I am not too sure about this problem. Can you please help me?
Graph the ellipse and locate the foci.
9x^2=144-16y^2
I got (- squareroot 7, 0) and (squareroot 7,0), but I was looking at one problem in one book similar to it, and it had the answer as (0, - squareroot 7) and (0, squareroot 7).
You are correct, I got the same foci
The one you looked at in your text probably had the y-axis as its major axis, that is, the focal points were on the y axis.
Was the denominator of the x^2 smaller than the denominator of the y^2 term?
If so, that was the case.
The one in book, is 7x^2=35-5y^2
Rewrite as
x^2/(144/9) + y^2/(144/16) = 1
(x/4)^2 + (y/3)^2 = 1
The semimajor and semiminor axis distances are 4 and 3, respectively. The major axis lies along the x axis. The distance from the center to the foci is sqrt (4^2 - 3^2) = sqrt 7
7x^2=35-5y^2 rewritten in standard form is
x^2/5 + y^2/7 = 1
sure enough the y term denominator is 7 which is larger than the 5 under the x^2.
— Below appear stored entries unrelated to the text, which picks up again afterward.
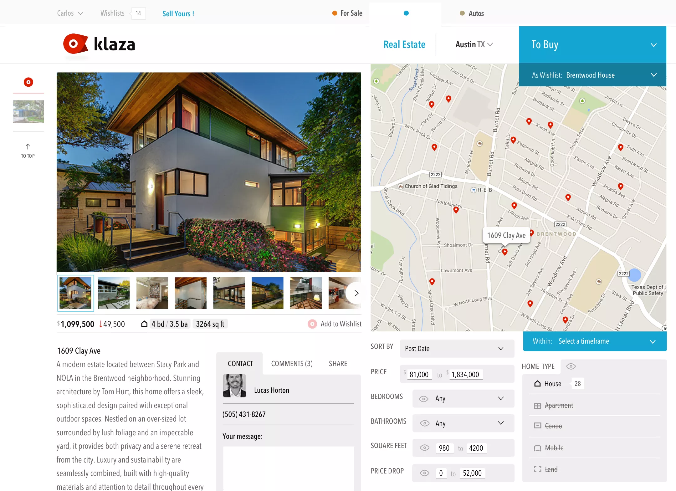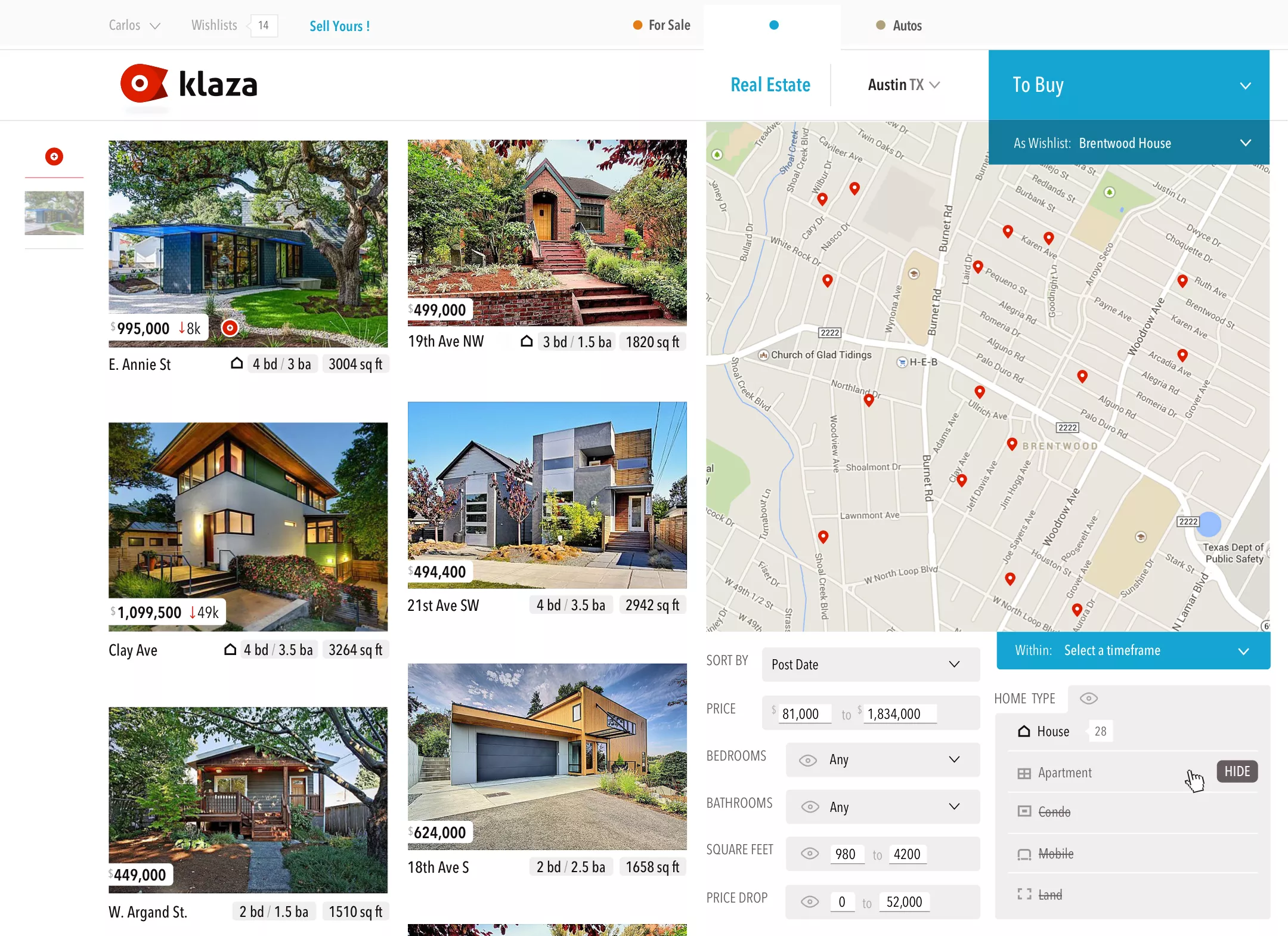Real Estate searches pair the filters with a map for more dynamic results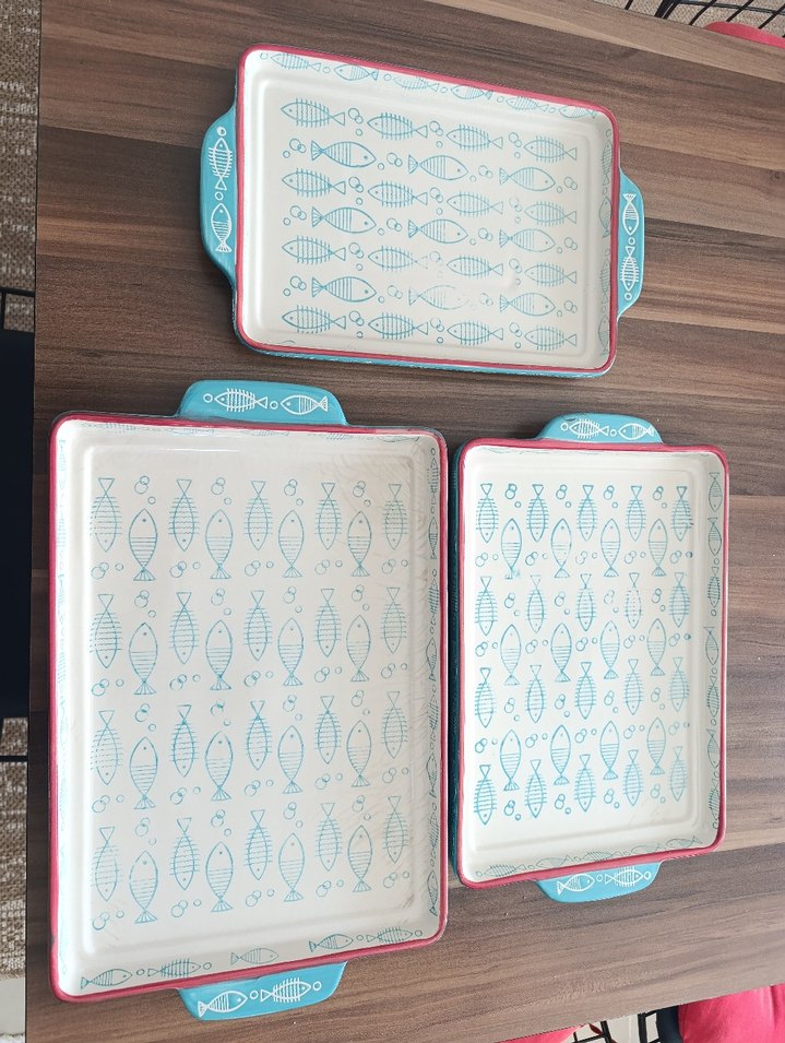 Balık desenli, mavi renkli, taşıma kulplu renkli fırın kapları seti. 3lu.Gallery cristalden alındı.bikac defa kullanildi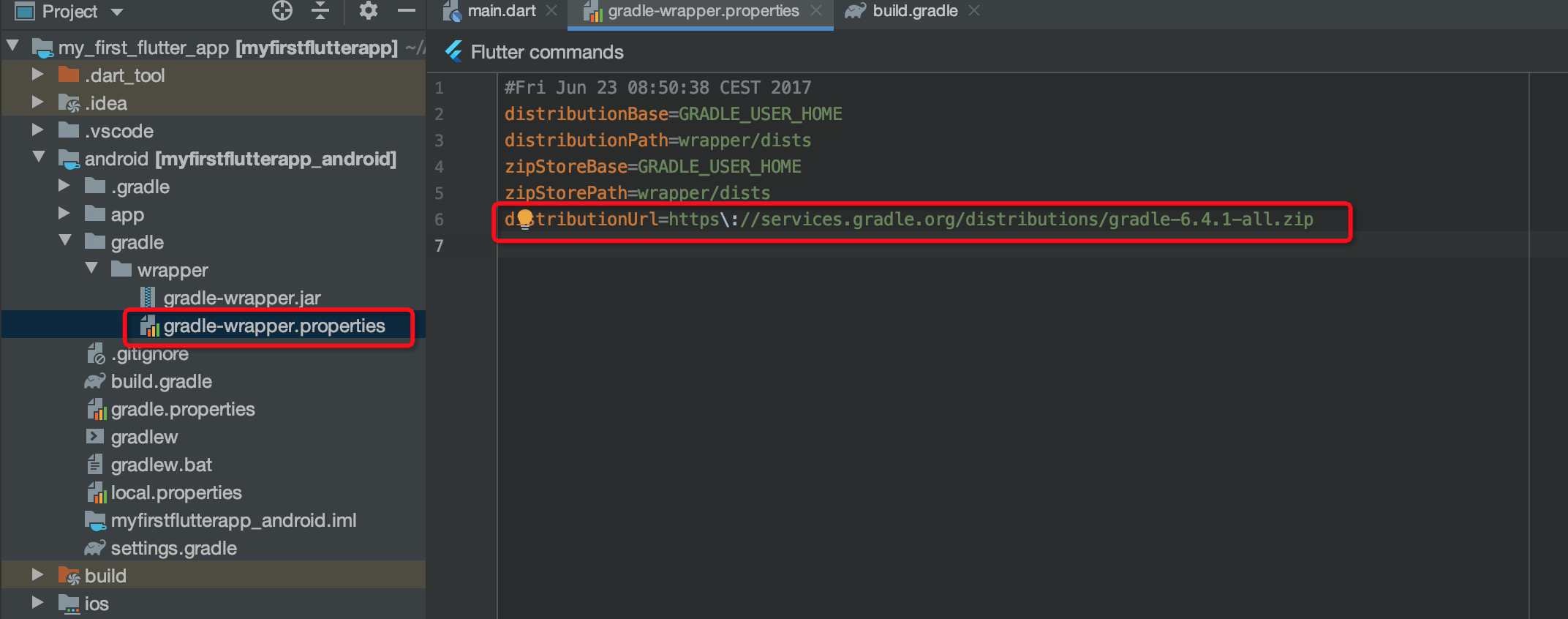 - 修改gradle-wrapper.properties文件中distributionUrl的值,原值是5.6.2,替换成6.4.1

Which means the y axis is the major axis like I said before and the focal points are on the y-axis
Certainly! I can help you understand how to graph the given ellipse and locate its foci.
To begin with, let's rewrite the given equation in standard form for an ellipse:
9x^2 + 16y^2 = 144
To find the center of the ellipse, we need to isolate the x and y terms. Dividing both sides of the equation by 144, we get:
x^2/16 + y^2/9 = 1
From this form, we can determine that the center of the ellipse is at (0,0), as the x and y terms are both squared and have coefficients less than 1.
Next, let's look at the coefficients of the x and y terms. Since the coefficient of x^2 is greater than the coefficient of y^2, we know that the major axis of the ellipse is along the x-axis.
The distance from the center of the ellipse to the vertex on the major axis is determined by the square root of the coefficient of x^2. In this case, it is √16 = 4.
Therefore, the vertices on the major axis are located at (±4,0).
To find the foci of the ellipse, we need to calculate the value of c using the formula:
c = √(a^2 - b^2)
Where a is the distance from the center to the vertex on the major axis and b is the distance from the center to the vertex on the minor axis.
In this case, a = 4 and we need to find b.
To determine b, we need to rearrange the standard form of the equation to solve for y:
y^2/9 = 1 - x^2/16
y^2 = 9 - (9x^2)/16
y = ±√(9 - (9x^2)/16)
From this equation, we can see that when x = 0, y = ±3, which gives us the distance from the center to the vertex on the minor axis.
Thus, b = 3.
Now, we can calculate c:
c = √(4^2 - 3^2) = √(16 - 9) = √7
Therefore, the foci of the ellipse are located at (0, ±√7).
Hence, your initial answer of (±√7, 0) is correct, and the alternative answer given in the book as (0, ±√7) is also correct. Both pairs of coordinates represent the foci of the given ellipse.
I hope this explanation clarifies the problem for you.